Schwebach went on, “In addition, we saw a willingness from reinsurers to continue to move down programs. That was to protect market share at the top of programs, but also very indicative of their belief that the reforms were going to have a significant impact on the bottom of programs.
“In many softening markets, we tend to see more softening at the top of programs and less towards the bottom. We didn’t see that this year. We saw very consistent softening in that 20–25% range across reinsurance towers from top to bottom, which was again a sign of abundant capacity.”
“Catastrophe bonds, as I mentioned, played a very significant role in the price levels for this year, and that is a market that continues to play a larger role in overall risk transfer strategies in Florida.
“We are at about $4.3 billion of issuance in 2026, relative to $4.6 billion in 2025, so slightly down year on year. But the thing to remember is that a lot of this is multiyear coverage; there is a lot of capacity from 2024 and 2025 issuances still sitting in reinsurance towers for many Florida carriers.”

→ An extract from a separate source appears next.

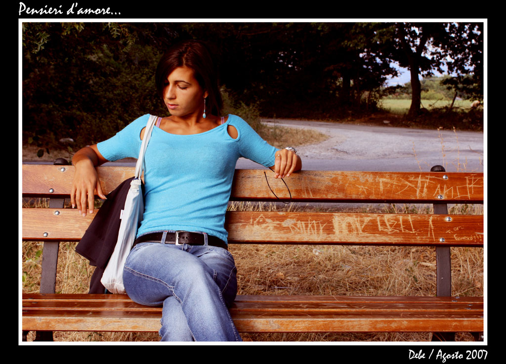 Questa secondo me che l'ho scattata non rappresenta una bella foto, la sto inserendo unicamente allo scopo di comprendere meglio se il tipo di trasformazione che ho applicato con photoshop rappresenti un qualcosa di buono oppure no. In particolare la mia intenzione è stata quella realizzare una foto che parlasse d'amore. In primis il soggetto è la mia ragazza, quindi niente di più azzeccato. Come seconda cosa c'è la panchina dove gli innamorati hanno inciso varie scritte e come terza ed ultima cosa ho voluto far virare l'immagine verso un color rosso-arancio per rendere ancora più visibile l'espressione di sentimento. Vorrei capire se ho fatto un buon lavoro oppure no e vorrei tanti.. tantissimi consigli perché a me fare foto piace troppo! Grazie a tutti _________________ "C'è una notevole differenza tra una bella fotografia e una fotografia con un bel soggetto. Quando avrete capito tale differenza, avrete capito la vita" (Debe) |

Schwebach highlighted that catastrophe bond pricing continued to converge with traditional reinsurance pricing, which he described as a positive development.
He emphasised that this convergence is increasing optionality for reinsurance buyers in how they choose to access the market.
Schwebach concluded, “It is too early to tell what 1.1 2027 looks like, but it is an interesting and very positive trend for reinsurance buyers.
“What does this mean in terms of the overall cat pricing index? Mid-year 2026 results bring us back to pre-2023 pricing, which is positive to see.
“If you go further back historically, it gets closer to roughly 2010 pricing, which saw significant declines thereafter. So time will tell if this is the direction of the cycle.”